-- Opening Marker --

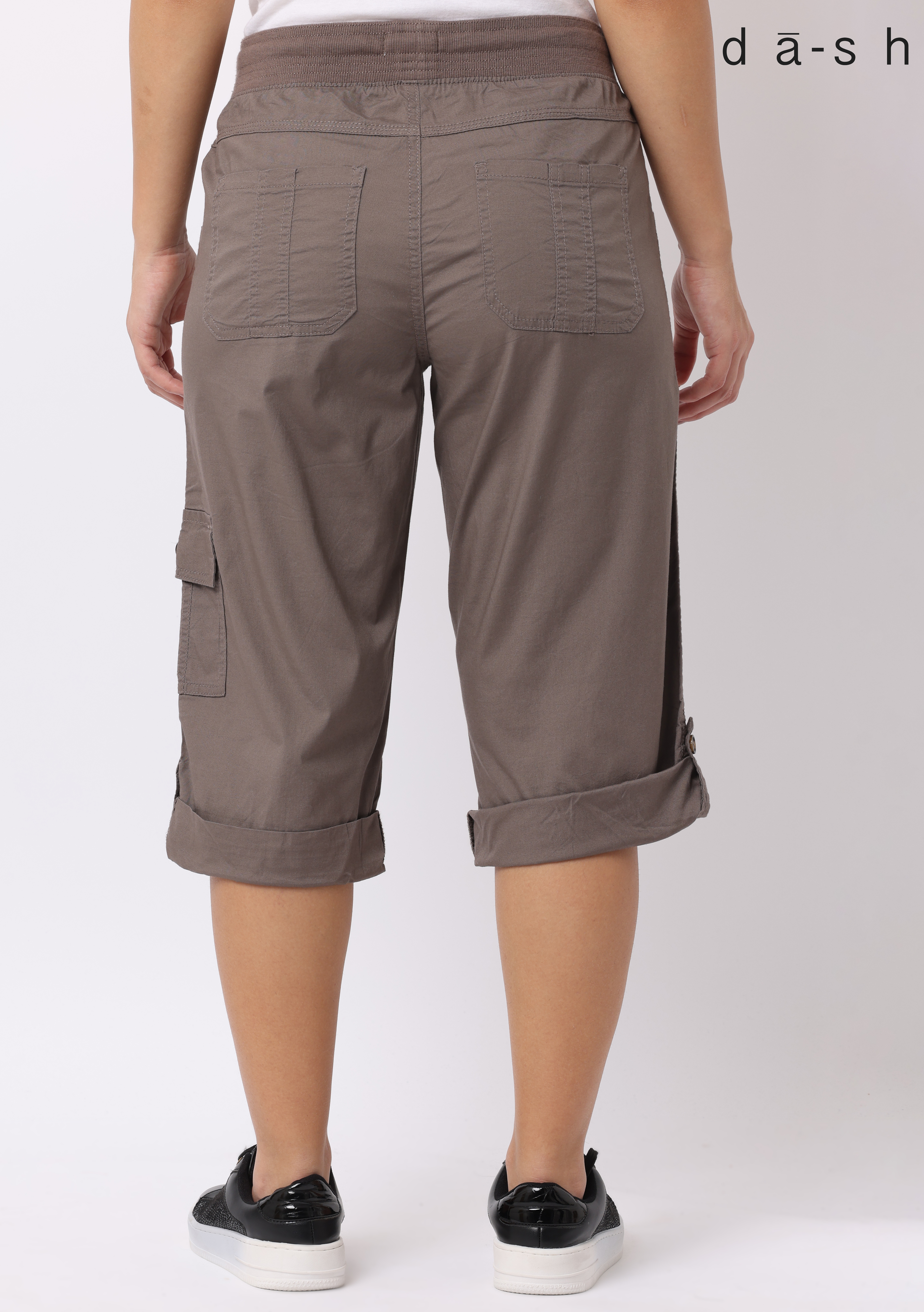 19" INSEAM; BUTTON UP ROLLED LEG OPTION; CARGO POCKET; COMFORT WAIST; FRONT AND BACK POCKETS; KNIT WAIST
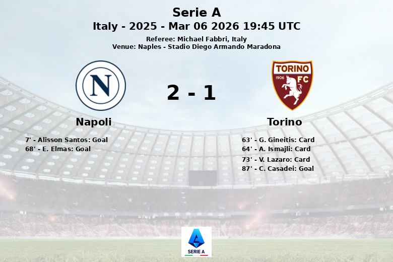 No segundo tempo, o Napoli ampliou a vantagem aos 68 minutos com um gol de E. Elmas, assistido por M. Politano. No entanto, o Torino não desistiu e procurou diminuir a diferença no placar.
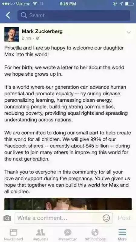 12月1日,社交网络巨子、脸书公司CEO马克·扎克伯格宣布,成功晋级成为一名爸爸,并给自己的女儿送上一份独特的礼物:捐出在Facebook公司99%股份,目前市值约450亿美元。 他成立了以自己及太太姓氏为名的基金会“Chan Zuckerberg”,旨在提倡平等及儿童权益,为女儿、也为全世界的孩子打造一个更美好的世界。
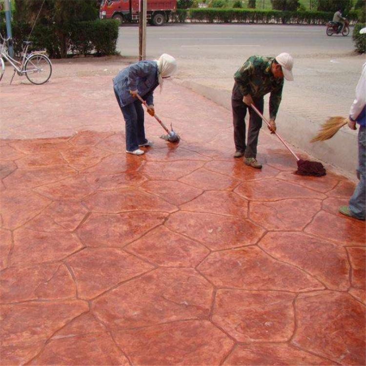 7、理論上對藝術地坪封閉2-3天后進行沖洗,正常情況下為了防止新造路面被污染,工程全部紋理壓印完成后統一進行沖洗。沖洗時不必將脫模粉全部沖洗干凈,應留有10%左右的脫模粉顏色,這樣的藝術地面就會有效果很好的漸變效果。
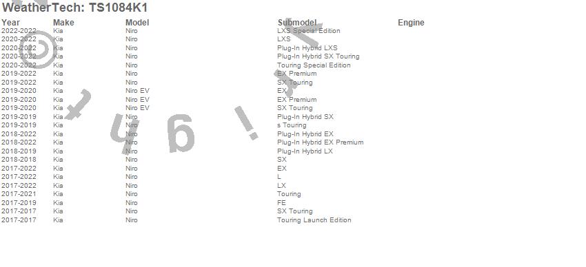 Below is an abbreviated list of applications for the WeatherTech SunShade Full Vehicle Kit.Niro, Niro EV, Kia, 2022, 2021, 2020, 2019, 2018, 2017
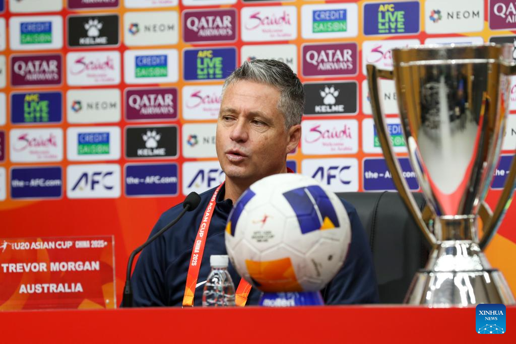 Australia's head coach Trevor Morgan attends a press conference before the AFC U20 Asian Cup football tournament final match between Australia and Saudi Arabia in Shenzhen, south China's Guangdong Province, Feb. 28, 2025. (Xinhua/Li Xulun)
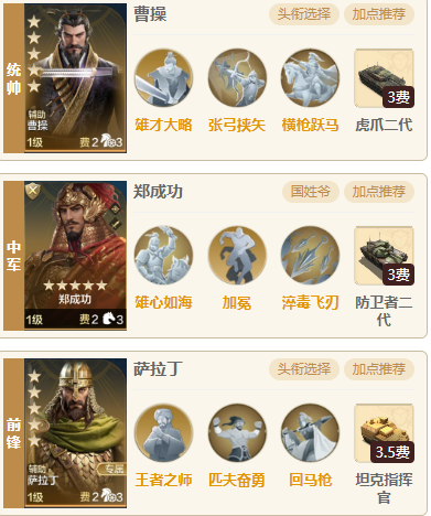 郑成功的攻击敏捷防御比较不错,不过敏捷的数值在骑兵英雄内并不是较高的几个,目前版本都是追击速攻打伤害,即使敏捷不低的情况下还是建议加一手速度或者带上新的先发技能,攻击距离3是硬伤最好放在中军位置加上携带匹夫奋勇即可普攻到敌方统帅身上
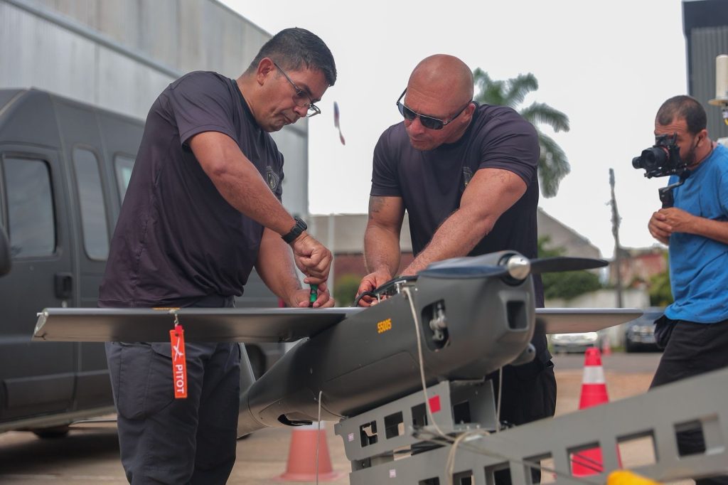 Outro destaque é a incorporação de aeronaves remotamente pilotadas, veículos chamados de Vants Harpia, que passam a reforçar as operações policiais e o monitoramento de atividades ilícitas em tempo real. Equipados com câmeras de alta precisão, visão térmica e capacidade de monitoramento contínuo, os equipamentos ampliam a atuação das forças em áreas de difícil acesso, como rios e regiões de mata.

-- Closing Marker --

:: Work instructions ::
In the answer, give only the lines from the one containing "No segundo tempo, o" through the end of the records above, each reproduced exactly. Include no pictures.

:: Answer for this exercise ::
 No segundo tempo, o Napoli ampliou a vantagem aos 68 minutos com um gol de E. Elmas, assistido por M. Politano. No entanto, o Torino não desistiu e procurou diminuir a diferença no placar.
 12月1日,社交网络巨子、脸书公司CEO马克·扎克伯格宣布,成功晋级成为一名爸爸,并给自己的女儿送上一份独特的礼物:捐出在Facebook公司99%股份,目前市值约450亿美元。 他成立了以自己及太太姓氏为名的基金会“Chan Zuckerberg”,旨在提倡平等及儿童权益,为女儿、也为全世界的孩子打造一个更美好的世界。
 7、理論上對藝術地坪封閉2-3天后進行沖洗,正常情況下為了防止新造路面被污染,工程全部紋理壓印完成后統一進行沖洗。沖洗時不必將脫模粉全部沖洗干凈,應留有10%左右的脫模粉顏色,這樣的藝術地面就會有效果很好的漸變效果。
 Below is an abbreviated list of applications for the WeatherTech SunShade Full Vehicle Kit.Niro, Niro EV, Kia, 2022, 2021, 2020, 2019, 2018, 2017
 Australia's head coach Trevor Morgan attends a press conference before the AFC U20 Asian Cup football tournament final match between Australia and Saudi Arabia in Shenzhen, south China's Guangdong Province, Feb. 28, 2025. (Xinhua/Li Xulun)
 郑成功的攻击敏捷防御比较不错,不过敏捷的数值在骑兵英雄内并不是较高的几个,目前版本都是追击速攻打伤害,即使敏捷不低的情况下还是建议加一手速度或者带上新的先发技能,攻击距离3是硬伤最好放在中军位置加上携带匹夫奋勇即可普攻到敌方统帅身上
 Outro destaque é a incorporação de aeronaves remotamente pilotadas, veículos chamados de Vants Harpia, que passam a reforçar as operações policiais e o monitoramento de atividades ilícitas em tempo real. Equipados com câmeras de alta precisão, visão térmica e capacidade de monitoramento contínuo, os equipamentos ampliam a atuação das forças em áreas de difícil acesso, como rios e regiões de mata.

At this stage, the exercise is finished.